--- Task item ---
Return each entry exactly, so that nothing in the data differs from the original.

--- Data for analysis ---
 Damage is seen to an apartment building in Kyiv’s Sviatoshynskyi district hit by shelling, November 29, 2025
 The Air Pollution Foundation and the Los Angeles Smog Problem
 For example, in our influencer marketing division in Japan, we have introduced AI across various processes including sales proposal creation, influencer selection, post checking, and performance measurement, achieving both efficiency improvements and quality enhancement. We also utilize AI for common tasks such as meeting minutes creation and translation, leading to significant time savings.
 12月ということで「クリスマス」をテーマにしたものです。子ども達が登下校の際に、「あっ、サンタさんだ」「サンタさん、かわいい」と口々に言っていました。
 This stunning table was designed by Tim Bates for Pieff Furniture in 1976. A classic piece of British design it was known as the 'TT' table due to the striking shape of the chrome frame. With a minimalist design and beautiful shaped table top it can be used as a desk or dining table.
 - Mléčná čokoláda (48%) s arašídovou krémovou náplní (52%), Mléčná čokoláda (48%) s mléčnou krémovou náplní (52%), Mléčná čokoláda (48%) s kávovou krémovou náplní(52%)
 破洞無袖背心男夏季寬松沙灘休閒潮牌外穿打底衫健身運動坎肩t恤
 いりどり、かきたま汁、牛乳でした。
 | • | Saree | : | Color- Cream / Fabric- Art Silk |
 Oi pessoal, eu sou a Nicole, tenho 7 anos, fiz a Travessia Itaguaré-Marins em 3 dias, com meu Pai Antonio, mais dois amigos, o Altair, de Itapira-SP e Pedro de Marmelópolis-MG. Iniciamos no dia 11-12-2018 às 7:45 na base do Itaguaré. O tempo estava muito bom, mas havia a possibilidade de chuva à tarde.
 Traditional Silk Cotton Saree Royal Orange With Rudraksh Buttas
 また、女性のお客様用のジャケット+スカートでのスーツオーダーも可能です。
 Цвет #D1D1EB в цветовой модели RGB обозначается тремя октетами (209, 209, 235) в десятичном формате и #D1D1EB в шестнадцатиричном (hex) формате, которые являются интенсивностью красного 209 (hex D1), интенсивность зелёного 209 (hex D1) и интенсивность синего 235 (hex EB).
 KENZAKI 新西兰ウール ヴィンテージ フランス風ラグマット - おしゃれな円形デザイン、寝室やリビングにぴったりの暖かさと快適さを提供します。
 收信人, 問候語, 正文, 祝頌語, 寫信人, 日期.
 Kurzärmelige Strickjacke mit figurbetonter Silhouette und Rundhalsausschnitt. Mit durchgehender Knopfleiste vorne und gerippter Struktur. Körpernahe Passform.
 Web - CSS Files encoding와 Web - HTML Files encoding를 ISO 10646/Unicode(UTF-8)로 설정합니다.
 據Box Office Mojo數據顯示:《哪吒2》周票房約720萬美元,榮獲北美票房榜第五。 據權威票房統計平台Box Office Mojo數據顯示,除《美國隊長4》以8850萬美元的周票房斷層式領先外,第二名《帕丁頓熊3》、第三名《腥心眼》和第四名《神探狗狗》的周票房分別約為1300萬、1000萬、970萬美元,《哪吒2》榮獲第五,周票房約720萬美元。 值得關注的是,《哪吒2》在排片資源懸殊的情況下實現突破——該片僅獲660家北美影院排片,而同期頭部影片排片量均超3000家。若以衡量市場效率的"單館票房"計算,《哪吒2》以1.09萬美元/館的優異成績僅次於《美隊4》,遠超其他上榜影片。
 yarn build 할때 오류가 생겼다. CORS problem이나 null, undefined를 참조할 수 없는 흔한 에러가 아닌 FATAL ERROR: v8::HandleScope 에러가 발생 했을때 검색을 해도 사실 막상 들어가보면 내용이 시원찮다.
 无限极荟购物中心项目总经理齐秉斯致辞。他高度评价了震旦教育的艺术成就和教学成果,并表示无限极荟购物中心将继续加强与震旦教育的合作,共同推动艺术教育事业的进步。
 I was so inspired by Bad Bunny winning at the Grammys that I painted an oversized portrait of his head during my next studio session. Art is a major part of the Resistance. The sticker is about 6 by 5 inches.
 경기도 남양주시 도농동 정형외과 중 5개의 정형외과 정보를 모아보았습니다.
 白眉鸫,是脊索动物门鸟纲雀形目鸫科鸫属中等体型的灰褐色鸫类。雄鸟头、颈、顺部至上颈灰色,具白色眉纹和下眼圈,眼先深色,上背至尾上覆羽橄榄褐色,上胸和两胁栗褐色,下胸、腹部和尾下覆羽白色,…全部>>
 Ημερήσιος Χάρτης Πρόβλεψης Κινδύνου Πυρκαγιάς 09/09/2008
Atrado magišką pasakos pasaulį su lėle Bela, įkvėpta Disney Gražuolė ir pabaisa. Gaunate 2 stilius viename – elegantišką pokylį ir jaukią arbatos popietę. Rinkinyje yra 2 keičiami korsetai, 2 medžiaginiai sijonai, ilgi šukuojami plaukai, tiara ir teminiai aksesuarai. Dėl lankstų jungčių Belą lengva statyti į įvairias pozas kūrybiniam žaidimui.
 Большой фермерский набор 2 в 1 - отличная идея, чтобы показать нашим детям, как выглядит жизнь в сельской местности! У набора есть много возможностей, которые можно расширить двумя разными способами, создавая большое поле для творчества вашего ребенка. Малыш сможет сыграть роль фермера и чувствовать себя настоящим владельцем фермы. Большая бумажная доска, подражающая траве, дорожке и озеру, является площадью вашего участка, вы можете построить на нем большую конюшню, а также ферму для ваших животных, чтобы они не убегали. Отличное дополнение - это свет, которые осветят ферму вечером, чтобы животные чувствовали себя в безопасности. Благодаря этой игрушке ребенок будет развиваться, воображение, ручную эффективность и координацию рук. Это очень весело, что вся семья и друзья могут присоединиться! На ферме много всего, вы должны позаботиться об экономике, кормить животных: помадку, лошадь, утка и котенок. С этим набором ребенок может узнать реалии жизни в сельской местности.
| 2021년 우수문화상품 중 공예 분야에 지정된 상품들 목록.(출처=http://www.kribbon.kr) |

--- Your response ---
 Damage is seen to an apartment building in Kyiv’s Sviatoshynskyi district hit by shelling, November 29, 2025
 The Air Pollution Foundation and the Los Angeles Smog Problem
 For example, in our influencer marketing division in Japan, we have introduced AI across various processes including sales proposal creation, influencer selection, post checking, and performance measurement, achieving both efficiency improvements and quality enhancement. We also utilize AI for common tasks such as meeting minutes creation and translation, leading to significant time savings.
 12月ということで「クリスマス」をテーマにしたものです。子ども達が登下校の際に、「あっ、サンタさんだ」「サンタさん、かわいい」と口々に言っていました。
 This stunning table was designed by Tim Bates for Pieff Furniture in 1976. A classic piece of British design it was known as the 'TT' table due to the striking shape of the chrome frame. With a minimalist design and beautiful shaped table top it can be used as a desk or dining table.
 - Mléčná čokoláda (48%) s arašídovou krémovou náplní (52%), Mléčná čokoláda (48%) s mléčnou krémovou náplní (52%), Mléčná čokoláda (48%) s kávovou krémovou náplní(52%)
 破洞無袖背心男夏季寬松沙灘休閒潮牌外穿打底衫健身運動坎肩t恤
 いりどり、かきたま汁、牛乳でした。
 | • | Saree | : | Color- Cream / Fabric- Art Silk |
 Oi pessoal, eu sou a Nicole, tenho 7 anos, fiz a Travessia Itaguaré-Marins em 3 dias, com meu Pai Antonio, mais dois amigos, o Altair, de Itapira-SP e Pedro de Marmelópolis-MG. Iniciamos no dia 11-12-2018 às 7:45 na base do Itaguaré. O tempo estava muito bom, mas havia a possibilidade de chuva à tarde.
 Traditional Silk Cotton Saree Royal Orange With Rudraksh Buttas
 また、女性のお客様用のジャケット+スカートでのスーツオーダーも可能です。
 Цвет #D1D1EB в цветовой модели RGB обозначается тремя октетами (209, 209, 235) в десятичном формате и #D1D1EB в шестнадцатиричном (hex) формате, которые являются интенсивностью красного 209 (hex D1), интенсивность зелёного 209 (hex D1) и интенсивность синего 235 (hex EB).
 KENZAKI 新西兰ウール ヴィンテージ フランス風ラグマット - おしゃれな円形デザイン、寝室やリビングにぴったりの暖かさと快適さを提供します。
 收信人, 問候語, 正文, 祝頌語, 寫信人, 日期.
 Kurzärmelige Strickjacke mit figurbetonter Silhouette und Rundhalsausschnitt. Mit durchgehender Knopfleiste vorne und gerippter Struktur. Körpernahe Passform.
 Web - CSS Files encoding와 Web - HTML Files encoding를 ISO 10646/Unicode(UTF-8)로 설정합니다.
 據Box Office Mojo數據顯示:《哪吒2》周票房約720萬美元,榮獲北美票房榜第五。 據權威票房統計平台Box Office Mojo數據顯示,除《美國隊長4》以8850萬美元的周票房斷層式領先外,第二名《帕丁頓熊3》、第三名《腥心眼》和第四名《神探狗狗》的周票房分別約為1300萬、1000萬、970萬美元,《哪吒2》榮獲第五,周票房約720萬美元。 值得關注的是,《哪吒2》在排片資源懸殊的情況下實現突破——該片僅獲660家北美影院排片,而同期頭部影片排片量均超3000家。若以衡量市場效率的"單館票房"計算,《哪吒2》以1.09萬美元/館的優異成績僅次於《美隊4》,遠超其他上榜影片。
 yarn build 할때 오류가 생겼다. CORS problem이나 null, undefined를 참조할 수 없는 흔한 에러가 아닌 FATAL ERROR: v8::HandleScope 에러가 발생 했을때 검색을 해도 사실 막상 들어가보면 내용이 시원찮다.
 无限极荟购物中心项目总经理齐秉斯致辞。他高度评价了震旦教育的艺术成就和教学成果,并表示无限极荟购物中心将继续加强与震旦教育的合作,共同推动艺术教育事业的进步。
 I was so inspired by Bad Bunny winning at the Grammys that I painted an oversized portrait of his head during my next studio session. Art is a major part of the Resistance. The sticker is about 6 by 5 inches.
 경기도 남양주시 도농동 정형외과 중 5개의 정형외과 정보를 모아보았습니다.
 白眉鸫,是脊索动物门鸟纲雀形目鸫科鸫属中等体型的灰褐色鸫类。雄鸟头、颈、顺部至上颈灰色,具白色眉纹和下眼圈,眼先深色,上背至尾上覆羽橄榄褐色,上胸和两胁栗褐色,下胸、腹部和尾下覆羽白色,…全部>>
 Ημερήσιος Χάρτης Πρόβλεψης Κινδύνου Πυρκαγιάς 09/09/2008
Atrado magišką pasakos pasaulį su lėle Bela, įkvėpta Disney Gražuolė ir pabaisa. Gaunate 2 stilius viename – elegantišką pokylį ir jaukią arbatos popietę. Rinkinyje yra 2 keičiami korsetai, 2 medžiaginiai sijonai, ilgi šukuojami plaukai, tiara ir teminiai aksesuarai. Dėl lankstų jungčių Belą lengva statyti į įvairias pozas kūrybiniam žaidimui.
 Большой фермерский набор 2 в 1 - отличная идея, чтобы показать нашим детям, как выглядит жизнь в сельской местности! У набора есть много возможностей, которые можно расширить двумя разными способами, создавая большое поле для творчества вашего ребенка. Малыш сможет сыграть роль фермера и чувствовать себя настоящим владельцем фермы. Большая бумажная доска, подражающая траве, дорожке и озеру, является площадью вашего участка, вы можете построить на нем большую конюшню, а также ферму для ваших животных, чтобы они не убегали. Отличное дополнение - это свет, которые осветят ферму вечером, чтобы животные чувствовали себя в безопасности. Благодаря этой игрушке ребенок будет развиваться, воображение, ручную эффективность и координацию рук. Это очень весело, что вся семья и друзья могут присоединиться! На ферме много всего, вы должны позаботиться об экономике, кормить животных: помадку, лошадь, утка и котенок. С этим набором ребенок может узнать реалии жизни в сельской местности.
| 2021년 우수문화상품 중 공예 분야에 지정된 상품들 목록.(출처=http://www.kribbon.kr) |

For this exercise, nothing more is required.